• Assignment
Could you return the data that follows exactly, minus the images?

• Provided material
▼

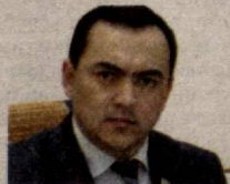
Абдуқодир ТОШҚУЛОВ, Олий Мажлис Қонунчилик палатаси депутаты, O'zLiDeP фракцияси аъзоси

СУРХОНДАРЁ ВИЛОЯТ КЕНГАШИ СЕССИЯСИДА БИЛДИРИЛГАН ТАКЛИФ ВА МУЛОҲАЗАЛАР O'ZLiDEP ФАОЛИЯТИНИ ЖОНЛАНТИРИШ, ПАРТИЯНИНГ ҚИШЛОҚ МУЛҚДОРЛАРИГА БўЛГАН ЭЪТИБОРИНИ ЯНАДА КУЧАЙТИРИШ ЛОЗИМЛИГИНИ КўРСАТДИ
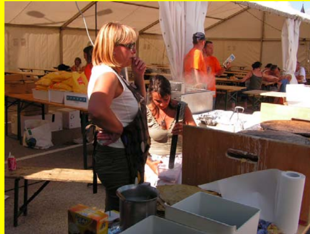
Pendant ce temps, les crêpes se préparent ...

▲

• Answer to the problem
Абдуқодир ТОШҚУЛОВ, Олий Мажлис Қонунчилик палатаси депутаты, O'zLiDeP фракцияси аъзоси

СУРХОНДАРЁ ВИЛОЯТ КЕНГАШИ СЕССИЯСИДА БИЛДИРИЛГАН ТАКЛИФ ВА МУЛОҲАЗАЛАР O'ZLiDEP ФАОЛИЯТИНИ ЖОНЛАНТИРИШ, ПАРТИЯНИНГ ҚИШЛОҚ МУЛҚДОРЛАРИГА БўЛГАН ЭЪТИБОРИНИ ЯНАДА КУЧАЙТИРИШ ЛОЗИМЛИГИНИ КўРСАТДИ
Pendant ce temps, les crêpes se préparent ...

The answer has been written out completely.